ITEM 1.    LEGAL PROCEEDINGS
 
We are, and will likely continue to be, involved in a number of legal proceedings, government investigations, and claims, which we believe generally arise in the course of our business, given our size, history, complexity, and the nature of our business, products, Customers, regulatory environment, and industries in which we participate. These legal proceedings, investigations and claims generally involve a variety of legal theories and allegations, including, without limitation, personal injury (e.g., slip and falls, burns, vehicle accidents), product liability or regulation (e.g., based on product operation or claimed malfunction, failure to warn, failure to meet specification, or failure to comply with regulatory requirements), product exposure (e.g., claimed exposure to chemicals, asbestos, contaminants, radiation), property damage (e.g., claimed damage due to leaking equipment, fire, vehicles, chemicals), commercial claims (e.g., breach of contract, economic loss, warranty, misrepresentation), financial (e.g., taxes, reporting), employment (e.g., wrongful termination, discrimination, benefits matters), and other claims for damage and relief.

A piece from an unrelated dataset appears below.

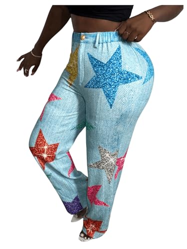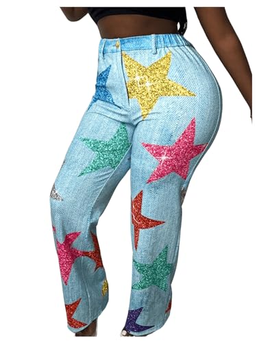 Floerns Women's High Waist Denim Straight Leg Clubwear Star Print Fake Jeans 6

We believe we have adequately reserved for our current litigation and claims that are probable and estimable, and further believe that the ultimate outcome of these pending lawsuits and claims will not have a material adverse affect on our consolidated financial position or results of operations taken as a whole. Due to their inherent uncertainty, however, there can be no assurance of the ultimate outcome or effect of current or future litigation, investigations, claims or other proceedings (including without limitation the FDA-related matters discussed below). For certain types of claims, we presently maintain product liability insurance coverage and other liability coverages in amounts and with deductibles that we believe are prudent, but there can be no assurance that these coverages will be applicable or adequate to cover adverse outcomes of claims or legal proceedings against us.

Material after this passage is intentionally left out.